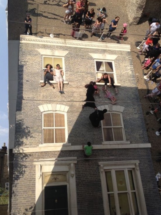 ótica através de espelhos, assim tinha-se a impressão que as pessoas estavam mesmo na fachada da casa. Divertido! Em uma versão,acima, eu e Gabi estamos lixando as unhas na janela, na outra peguei uma vassoura ali em algum canto para dar a impressão que estava voando. As demais pessoas estavam lá também se divertindo como nós.
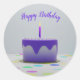 Um bolo roxo de aniversário de desenho animado com glacé coberto por borrifo escorrendo pelas laterais e uma vela acesa se senta sobre uma placa de ouro num balcão coberto de pontos coloridos.
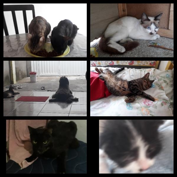 Tenho Uma gatinha isadora ja esta castrada a 2 anos peguei 2 gatinha na rua e mandei castra e pra doação mais só dou se a pessoa realmente amar se não eles fica aqui .O problema é porque a Isadora nao pode se encotra com elas porque a briga e feia.pra eles ir pro quintal tenho que feicha as porta que dá acesso o quintal.nessa foto tem a Isadora ,tigresa,neguinha e linda Maria.
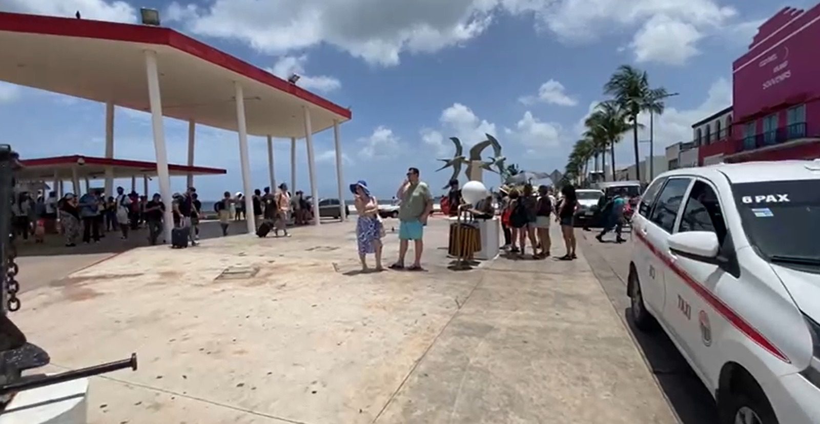 Durante un recorrido por la terminal marítima, se pudo observar el arribo de turistas nacionales e internacionales, quienes expresaron su decepción al no poder realizar actividades en el mar, a pesar de la belleza del entorno natural de la isla.
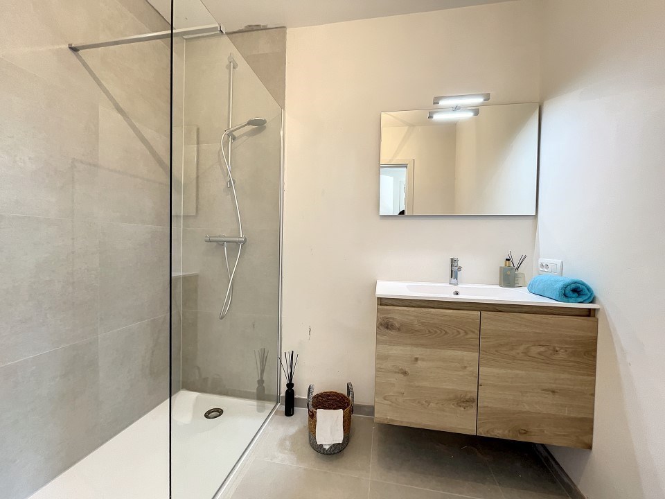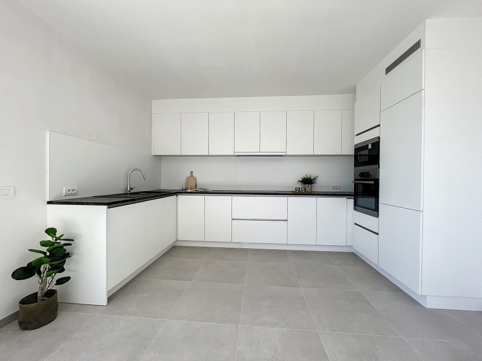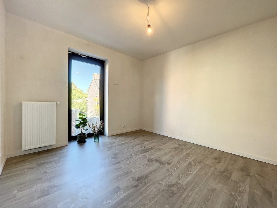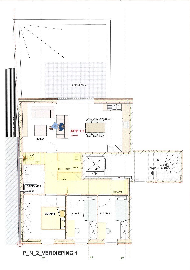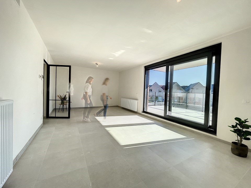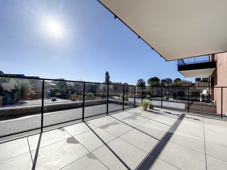 Het appartement omvat inkom, lichtrijke leefruimte met schuifraam dat uitgeeft op het terras (15m²), open keuken (ingericht met toestellen), bergruimte, toilet, badkamer met lavabomeubel en douche, 3 slaapkamers.
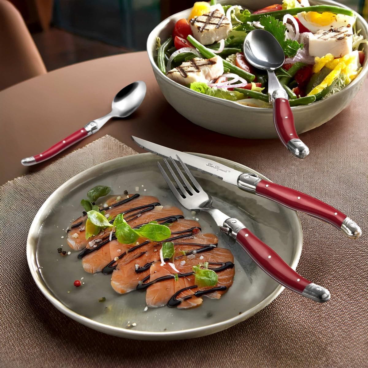 Прибори за хранене Lou Laguiole Steak TRADITION, прибори за хранене, неръждаема стомана с цветни пластмасови дръжки, червени, за 12 души, 48 броя
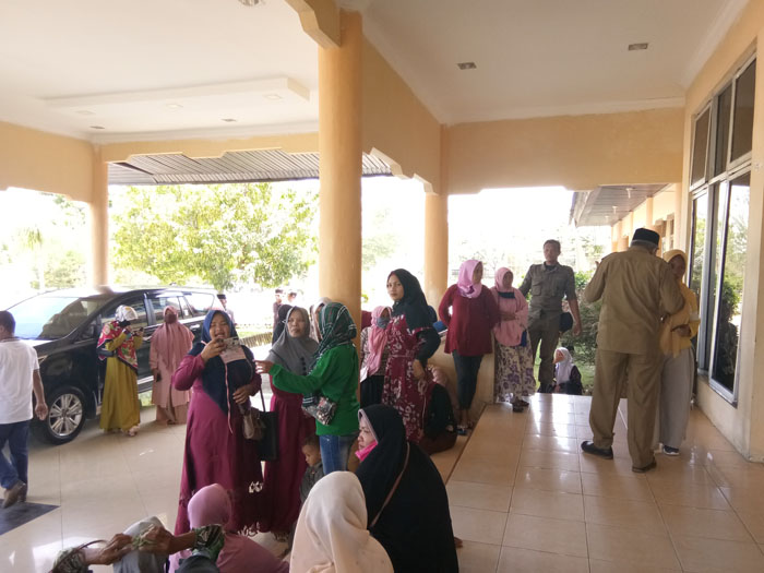 Sejauh ini belasan ibu-ibu berkumpul di teras kantor bupati menunggu pejabat ke luar. Namun hingga lewat tengah hari belum ada yang ke luar lantaran sedang menggelar rapat.
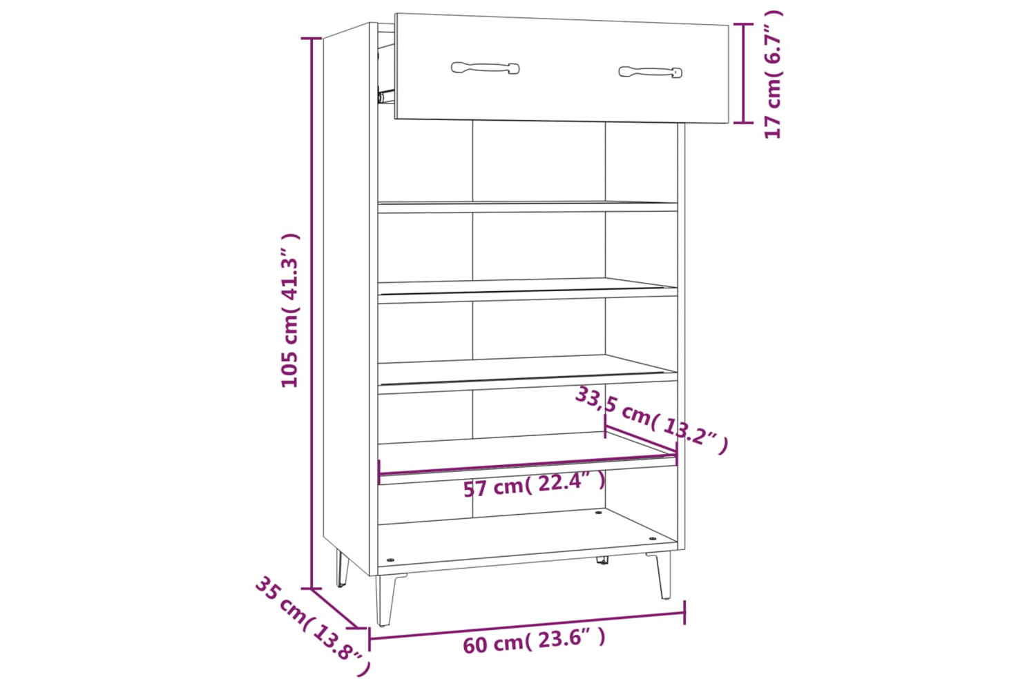• Dimensions: 60 x 35 x 105 cm (W x D x H)
***
▸ Prompt: Leave out the pictures and give the rest of the records again exactly.

▸ Response area:
 ótica através de espelhos, assim tinha-se a impressão que as pessoas estavam mesmo na fachada da casa. Divertido! Em uma versão,acima, eu e Gabi estamos lixando as unhas na janela, na outra peguei uma vassoura ali em algum canto para dar a impressão que estava voando. As demais pessoas estavam lá também se divertindo como nós.
 Um bolo roxo de aniversário de desenho animado com glacé coberto por borrifo escorrendo pelas laterais e uma vela acesa se senta sobre uma placa de ouro num balcão coberto de pontos coloridos.
 Tenho Uma gatinha isadora ja esta castrada a 2 anos peguei 2 gatinha na rua e mandei castra e pra doação mais só dou se a pessoa realmente amar se não eles fica aqui .O problema é porque a Isadora nao pode se encotra com elas porque a briga e feia.pra eles ir pro quintal tenho que feicha as porta que dá acesso o quintal.nessa foto tem a Isadora ,tigresa,neguinha e linda Maria.
 Durante un recorrido por la terminal marítima, se pudo observar el arribo de turistas nacionales e internacionales, quienes expresaron su decepción al no poder realizar actividades en el mar, a pesar de la belleza del entorno natural de la isla.
 Het appartement omvat inkom, lichtrijke leefruimte met schuifraam dat uitgeeft op het terras (15m²), open keuken (ingericht met toestellen), bergruimte, toilet, badkamer met lavabomeubel en douche, 3 slaapkamers.
 Прибори за хранене Lou Laguiole Steak TRADITION, прибори за хранене, неръждаема стомана с цветни пластмасови дръжки, червени, за 12 души, 48 броя
 Sejauh ini belasan ibu-ibu berkumpul di teras kantor bupati menunggu pejabat ke luar. Namun hingga lewat tengah hari belum ada yang ke luar lantaran sedang menggelar rapat.
• Dimensions: 60 x 35 x 105 cm (W x D x H)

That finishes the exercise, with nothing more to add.